=== TASK BRIEF ===
Up to and including the line that holds "题目:实时原位电子显微学表征在材料&化学研究中的应用", copy every line of the records below exactly, starting at the first; leave pictures out.

Stored data:
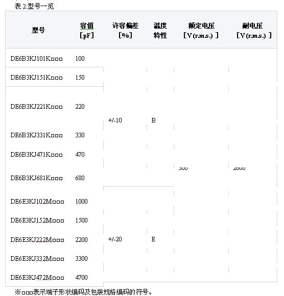 產(chǎn)品線如表2所示,產(chǎn)品結(jié)構(gòu)如圖1所示。產(chǎn)品的容值從100pF到4700pF,另外,額定電壓為AC300V (r.m.s.) 、耐電壓為AC2600V (r.m.s.) /60sec。滿足IEC 60384-14所規(guī)定的實(shí)驗(yàn)條件,通過(guò)新樹脂材料的絕緣涂裝,提高了耐溫度循環(huán)特性,能夠成為PHEV以及EV的車載充電器的AC線路濾波器用Y電容器、初級(jí)次級(jí)耦合用電容器,如圖2所示。
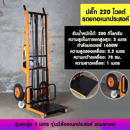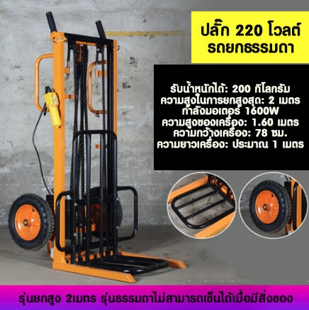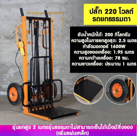 1. 220V รับน้ำหนัก 200 KG ยกสูงได้ 2 เมตร ความสูงเครื่อง1.60เมตร 1600วัตต์ ความกว้าง 0.78เมตร ความยาวเครื่อง 1.0เมตร ไม่สามารถเข็นได้ขณะมีสิ่งของ
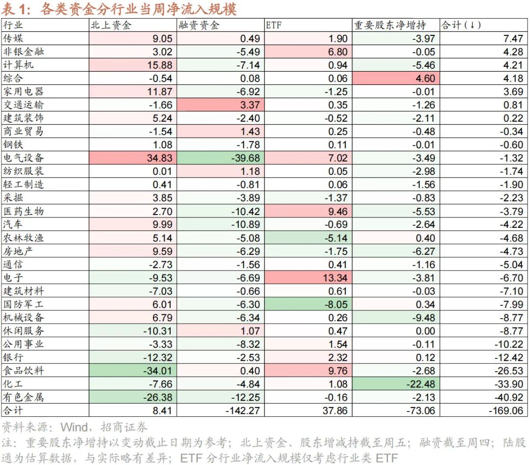 【资金·众寡】融资净流出,ETF净申购。北上资金本周净流入4.4亿元;融资资金前四个交易日合计净流出138.8亿元;新成立偏股类公募基金117.6亿份,较前期上升35.1亿份;ETF净申购,对应净流入144.6亿元。行业偏好上,北上资金净买入规模较高的为电气设备、计算机、家用电器等;融资资金净买入交通运输、商业贸易、纺织服装等;信息技术ETF申购较多,军工ETF赎回较多。重要股东净减持规模扩大,计划减持规模下降。
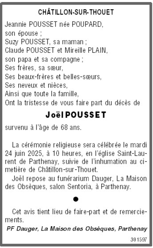 Cet espace « condoléances » est dédié à la mémoire de Monsieur Joël POUSSET.
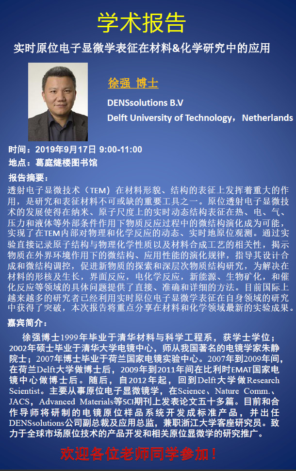 题目:实时原位电子显微学表征在材料&化学研究中的应用
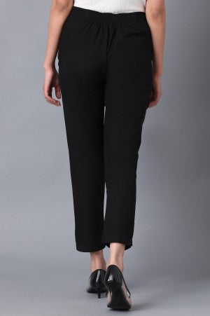 Black Floral Print kurta With Shoulder Panels And It Also Features Mandarin Collar With Half Button Placket. The kurta Is Coordinated With Black Parallel Pants Having Floral Print On Hemline.
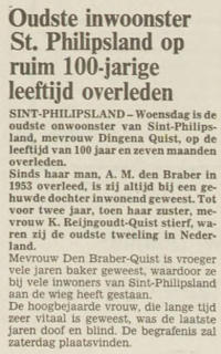 Stamreeks: generatie 1: Willem Hendrick Cornelisz de Vrome & Dingena Jan Gerrits Wolff. generatie 2: Cornelis Willemse de Vrome & Maatje Willemsdr de Cramere. generatie 3: Aren Cornelisse Braber & Leentje Leendertsdr. generatie 4: Cornelis Arense Braber & Teuntje Vincentse Stadshouck. generatie 5: Vincent Cornelisse den Braber & Commertje Bestmanse de Wayer. generatie 6: Bestman Centse den Braber & Jacomijntje Jacht. generatie 7: Vincent den Braber & Neeltje Boogaard. generatie 8: Maarten den Braber & Cornelia Wagemaker. generatie 9: Vincent den Braber & Jozina van der Velde. generatie 10: Dingenus Cornelis den Braber en Maria Adriana Kempeneers. generatie 11: Adriana den Braber & Pieter Kaashoekden Braber: lees meer op

=== SOLUTION TO THIS TASK ===
 產(chǎn)品線如表2所示,產(chǎn)品結(jié)構(gòu)如圖1所示。產(chǎn)品的容值從100pF到4700pF,另外,額定電壓為AC300V (r.m.s.) 、耐電壓為AC2600V (r.m.s.) /60sec。滿足IEC 60384-14所規(guī)定的實(shí)驗(yàn)條件,通過(guò)新樹脂材料的絕緣涂裝,提高了耐溫度循環(huán)特性,能夠成為PHEV以及EV的車載充電器的AC線路濾波器用Y電容器、初級(jí)次級(jí)耦合用電容器,如圖2所示。
 1. 220V รับน้ำหนัก 200 KG ยกสูงได้ 2 เมตร ความสูงเครื่อง1.60เมตร 1600วัตต์ ความกว้าง 0.78เมตร ความยาวเครื่อง 1.0เมตร ไม่สามารถเข็นได้ขณะมีสิ่งของ
 【资金·众寡】融资净流出,ETF净申购。北上资金本周净流入4.4亿元;融资资金前四个交易日合计净流出138.8亿元;新成立偏股类公募基金117.6亿份,较前期上升35.1亿份;ETF净申购,对应净流入144.6亿元。行业偏好上,北上资金净买入规模较高的为电气设备、计算机、家用电器等;融资资金净买入交通运输、商业贸易、纺织服装等;信息技术ETF申购较多,军工ETF赎回较多。重要股东净减持规模扩大,计划减持规模下降。
 Cet espace « condoléances » est dédié à la mémoire de Monsieur Joël POUSSET.
 题目:实时原位电子显微学表征在材料&化学研究中的应用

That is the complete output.